While there may be fewer regulations, the actions have been stricter and even severe according to food, drug, and medical device companies that have found themselves under scrutiny.
FDA recently said it is taking new steps to strengthen and modernize the process for issuing a public warning about a voluntary recall and for notification of recalls.
"Most companies collaborate with the FDA to rapidly initiate voluntary recalls and work with their supply chain partners to remove the product from shelves to prevent further distribution," the agency noted. "And in general, a recall occurs quickly when the problem is discovered. However, there are situations where the FDA may need to provide safety advice to [the] marketplace to protect consumers."

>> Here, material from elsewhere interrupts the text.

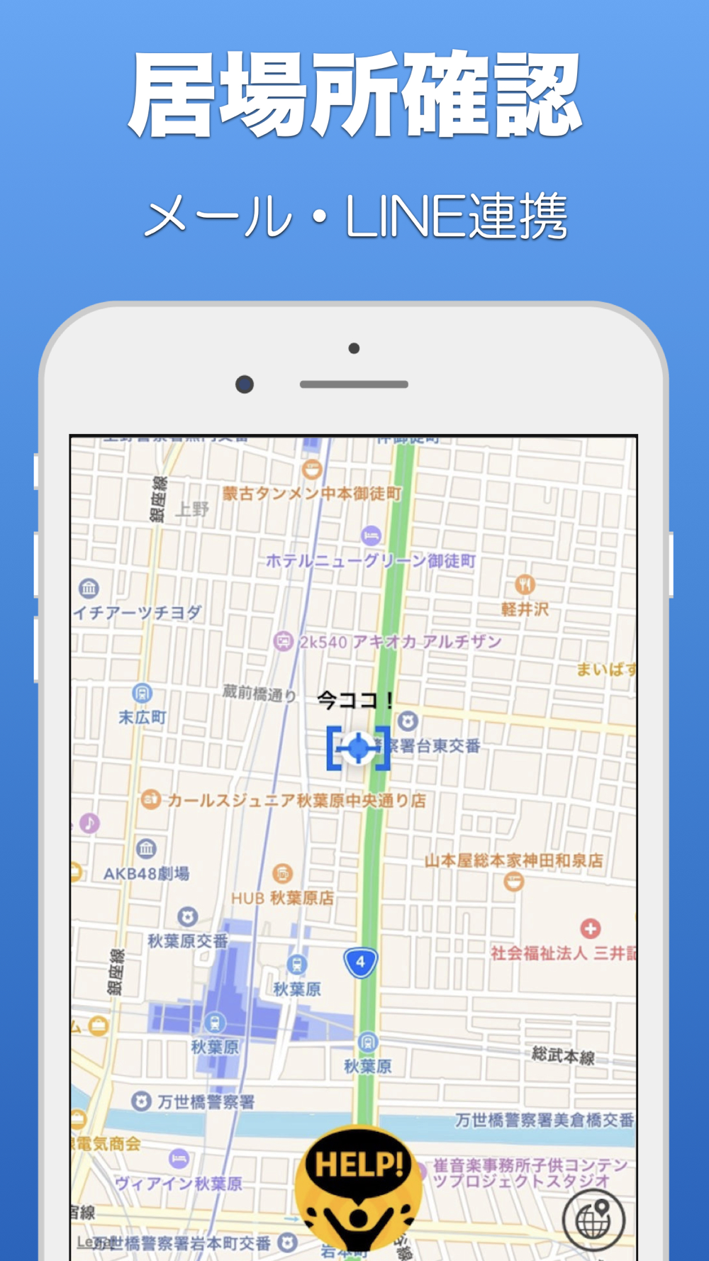また、緊急時にSNS等で自分の現在地を連絡出来る機能「今ココ!」があります。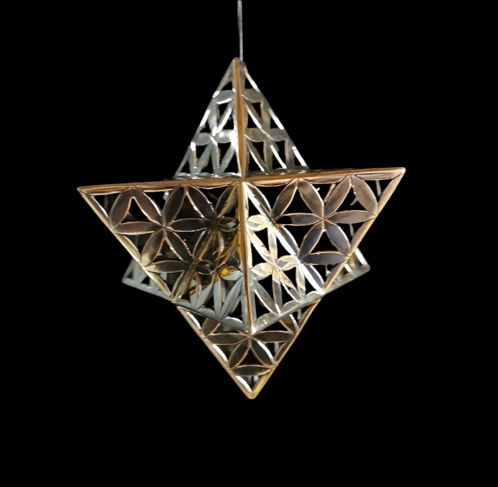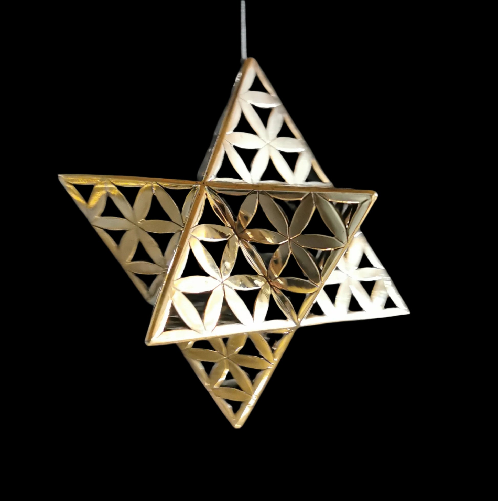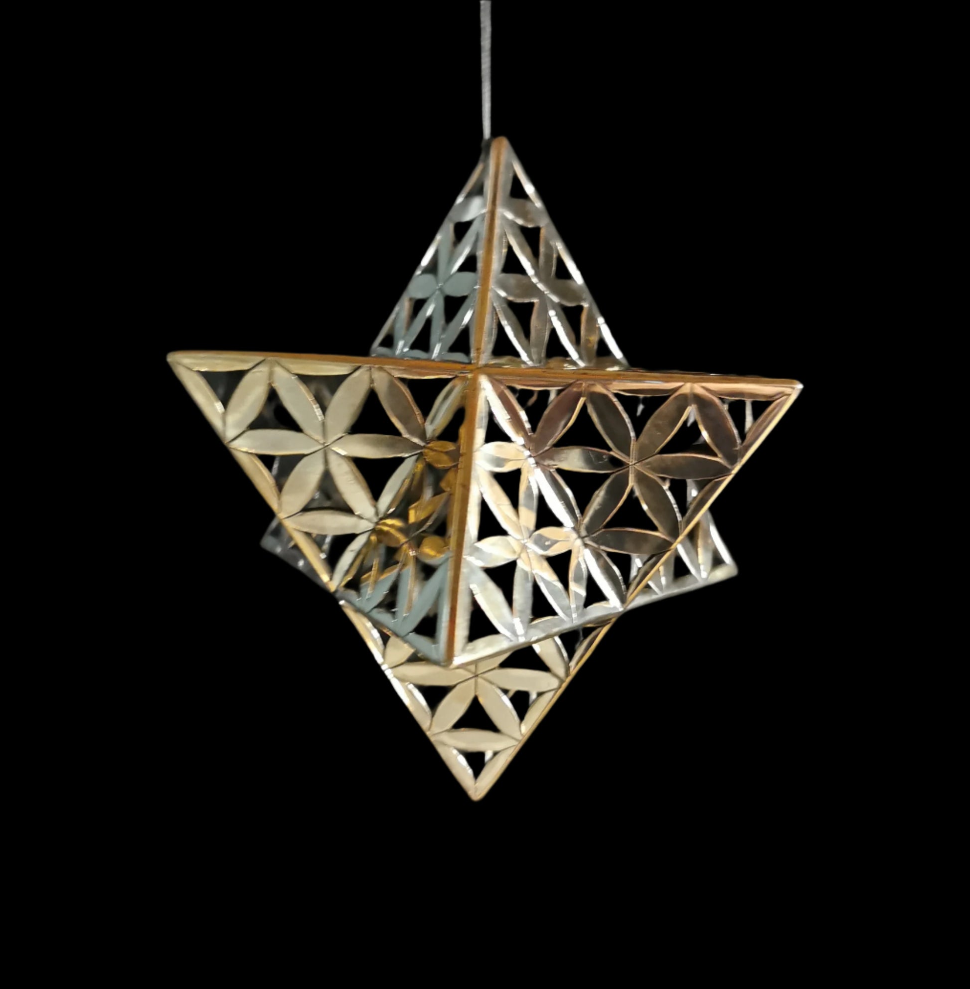 The Tantric Star is formed by interlocking ascending and descending tetrahedrons (see Tetrahedron). Also known as the Mer Ka Ba, the Tantric Star functions as a 3-dimensional mandala, connecting us to our centre point, a stargate into the matrix of manifest reality. It describes the energy pattern created by the electromagnetic male and female potencies of creation as they come together to conceive atoms, Humans, the Universe - the seminal form that Consciousness takes as it initiates the polarisation of the Monad into the sacred enclosure of the Trinity, holding the frequency of the 3rd dimension fully manifest in form.

Companies that have recalled medical devices this year include (in order from most recent): Fresenius Kabi, Abbott, Becton Dickinson, Teleflex, GE Healthcare, Hamilton Medical, Edwards Lifesciences, Vyaire Medical, Cook Medical, Terumo Medical, Integra Lifesciences, Beckman Coulter Lifesciences, Ethicon, Alpha Omega Engineering, Brainlab, O-Two Medical Technologies, RVO 2.0, Physio-Control, Medtronic, Smiths Medical, West Pharmaceutical Services, Terrific Care/Medex Supply, Draeger Medical.